Bell Wireless operating results are influenced by the timing of our marketing and promotional expenditures and higher levels of subscriber additions and handset discounts, resulting in higher subscriber acquisition and activation-related expenses in certain quarters. In particular, subscriber activations are typically lowest in the first quarter, while adjusted EBITDA tends to be lower in the third and fourth quarters, due to higher subscriber acquisition and retention costs associated with a higher number of new subscriber activations and upgrades during the back-to-school, Black Friday and Christmas holiday periods. Additionally, wireless ARPU historically has experienced a seasonal sequential increase in the third quarter, reflecting higher levels of usage and roaming in the summer.

Bell Wireline revenues tend to be higher in the fourth quarter because of higher data and equipment product sales to business customers and higher consumer electronics equipment sales during the Q4 Christmas holiday period. However, this may vary from year to year depending on the strength of the economy and the presence of targeted sales initiatives, which can influence customer spending.

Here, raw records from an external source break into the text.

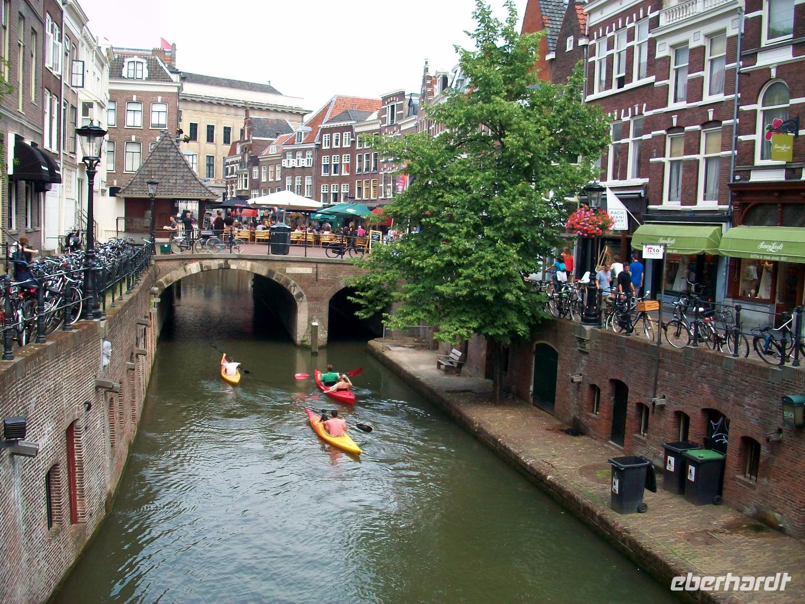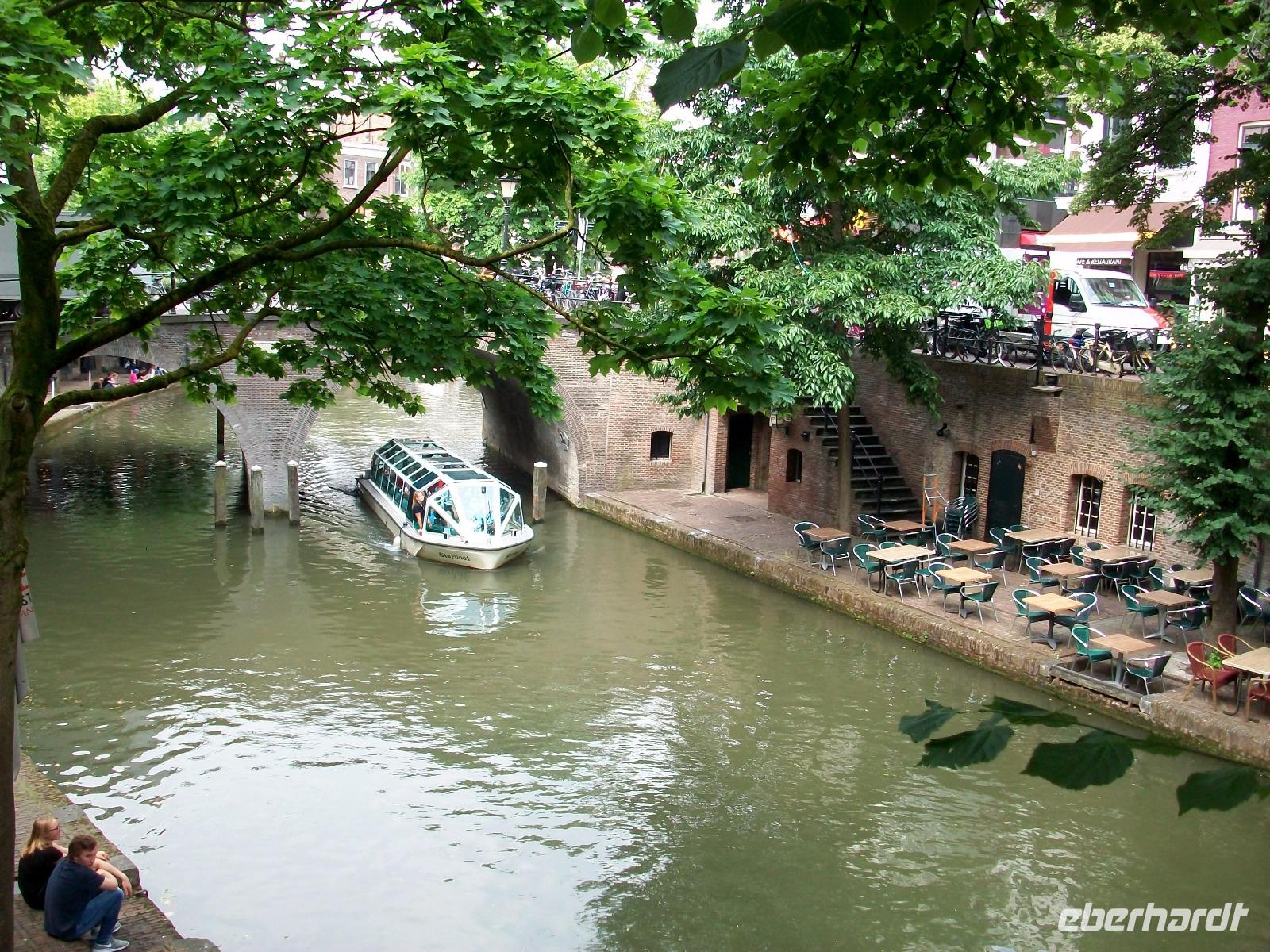 Am Nachmittag gelangen wir dann schließlich nach Utrecht. Hier erwartet uns zum Schluss der Reise nicht nur ein nochmal schönes historisches Stadtbild sondern auch ein geschichtsträchtiger Ort in dem einige wichtige Verträge unterzeichnet wurden. Vom hohen Turm der Kirche erklingt ein reizvolles Glockenspiel und gibt dem besonderen Charme dieser Stadt ein eigentümliches Gepräge. In den Gassen oder direkt unten am Wasser laden schöne Restaurants zur Einkehr ein; für die Kunstinteressierten gibt es einige Museen und der Besuch der Kirche gibt einen Eindruck des religiösen Lebens hier.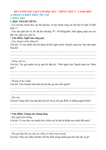 ĐỀ CƯƠNG ÔN TẬP CUỐI HỌC KÌ I – TIẾNG VIỆT 5 – CÁNH DIỀU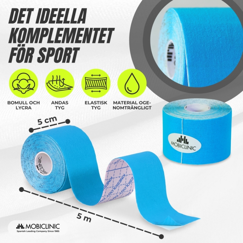 Mobiclinic, Kinesiotape, Modell Mobitape, Kinesiologiskt bandage, Neuromuskulärt bandage, Färg blå, Kinesiotape Roll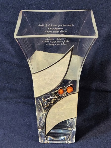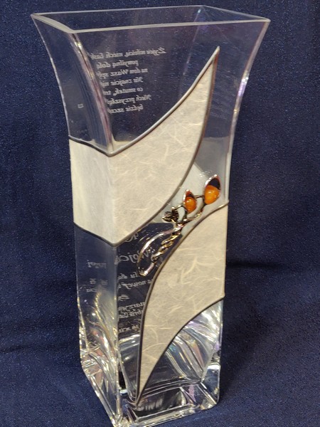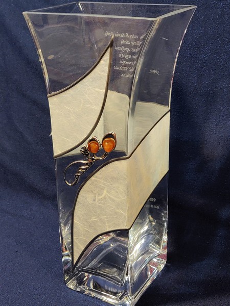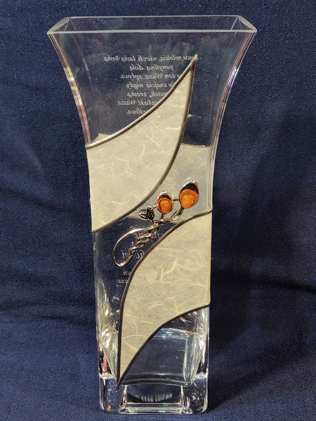 Intrygująca forma i zdobienie wazonu w połączeniu z dedykowanym pamiątkowym grawerem wzbudzi zachwyt i niepowtarzalne emocje obdarowanych.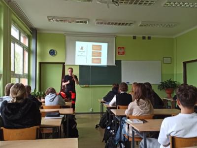 z ratownikiem medycznym Jakubem Grochowskim. Głównym celem ćwiczeń była umiejętność udzielania pierwszej pomocy osobie nieprzytomnej. Młodzież z dużym zaangażowaniem uczestniczyła w zajęciach, aktywnie udzielała odpowiedzi na zadawane pytania i chętnie wykonywała ćwiczenia.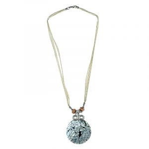 Elegáns medálján zúzott kagylóból készült, ezüstös gyöngyház csillogású sötétszürke díszítés. Sok szálú textil pánton. elhasznált anyagok: Kagyló, textil, fa gyöngyök Mérete: Medál: 4,5×4,5cm Hossz: 40cm

Home Phone, TV and Internet subscriber activity is subject to modest seasonal fluctuations, attributable largely to residential moves during the summer months and the back-to-school period in the third quarter. Targeted marketing efforts conducted during various times of the year to coincide with special events or broad-based marketing campaigns also may have an impact on overall wireline operating results.

Bell Media revenues and related expenses from TV and radio broadcasting are largely derived from the sale of advertising, the demand for which is affected by prevailing economic conditions, as well as cyclical and seasonal variations. Seasonal variations are driven by the strength of TV ratings, particularly during the fall programming season, major sports league seasons and other special sporting events such as the Olympic Games, NHL playoffs and World Cup soccer, as well as fluctuations in consumer retail activity during the year.